Лис только глянул на чернокафтанника, ничего не ответив, но в его глазах уже пылало пламя искры Перкунаса. Я снова, как тогда, на площади Приречья, где меня судили без суда, почувствовала запах кострища и железа. Только теперь он шел от Совия.

Между тем вокруг меня уже скопилось маленькое озерцо, вопреки ожиданиям, кристально чистое и не замутненное даже каплей крови, словно та на лету становилась водой. Озерцо смешивалось с подземным источником и все ширилось. По его поверхности побежали искры, похожие на болотные огоньки. В прозрачной толще скрылся костяной кинжал и исчез из виду, точно растворился. Я опустилась на колени, и штаны тут же пропитались влагой.

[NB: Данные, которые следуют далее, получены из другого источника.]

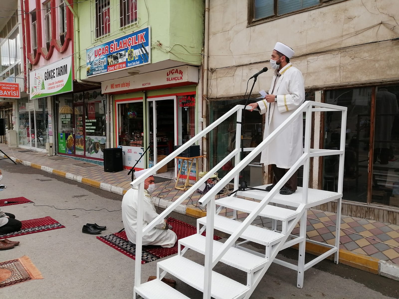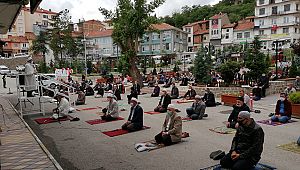 Koronavirüs nedeniyle yaklaşık iki aydır kılınamayan Cuma namazı bugün yasakların gevşetilmesi ile birlikte İlçe Müftülüğünün belirlediği camilerin avlularında ve okul bahçelerinde kılındı.
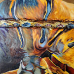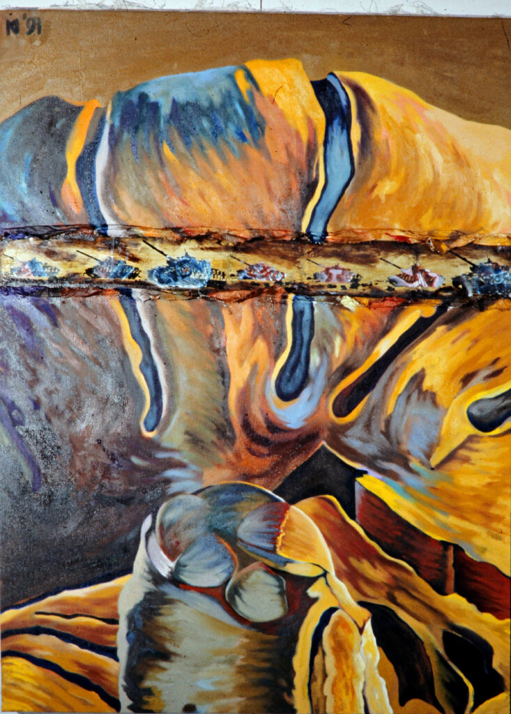 1991. Mixed Media (oil over collage; canvas strips). 60″ x 48″

- Помоги мне, светлая Сауле, — привычно шепнула я и погрузила ладони в воду. Я принялась замешивать ее, медленно, три круга посолонь, три — противосолонь, нашептывая простенький заговор, который выводил меня из любой чащобы, куда б ни довелось забрести. Вода двигалась неохотно; в навьем лесу она, как и воздух, была гуще, тяжелее, но движение, которое я в нее вкладывала, не останавливалось. Рядом упала, разбрызгивая серую кровь, обезглавленная лаума. Нечисть наступала, тесня выживших водяниц ко мне. Стрелы Совия пылали уже так ярко, что больно было смотреть. Марий был весь объят грозовым огнем, сквозь который едва угадывался его силуэт — но этого было мало. Я закружила воду быстрее, чувствуя, что еще немного — я она пробьет дорогу, потечет, сначала по капле, потом ручейком, а затем безудержным потоком, размывая не по праву поставленные границы, удерживающие лаум в Навьем мире. И миг, когда это произошло, ощутила как вспышку, ослепла и оглохла, и закричала. Так кричит новорожденный, приветствуя новый мир во всю мощь легких, наполняя их воздухом и захлебываясь тем, какой этот мир, оказывается, бесконечный. Ярость и жажда свободы подземных вод, сила моих пращуров — лаум, воплотившаяся во мне, отчаянное желание все исправить — все это смешалось и хлынуло ревущим потоком, вытаскивая из меня самое нутро, и на миг мне показалось, что я не выдержу. Растворюсь без остатка, изойду вся и не смогу закончить начатое и выполнить обещание, данное богине зари.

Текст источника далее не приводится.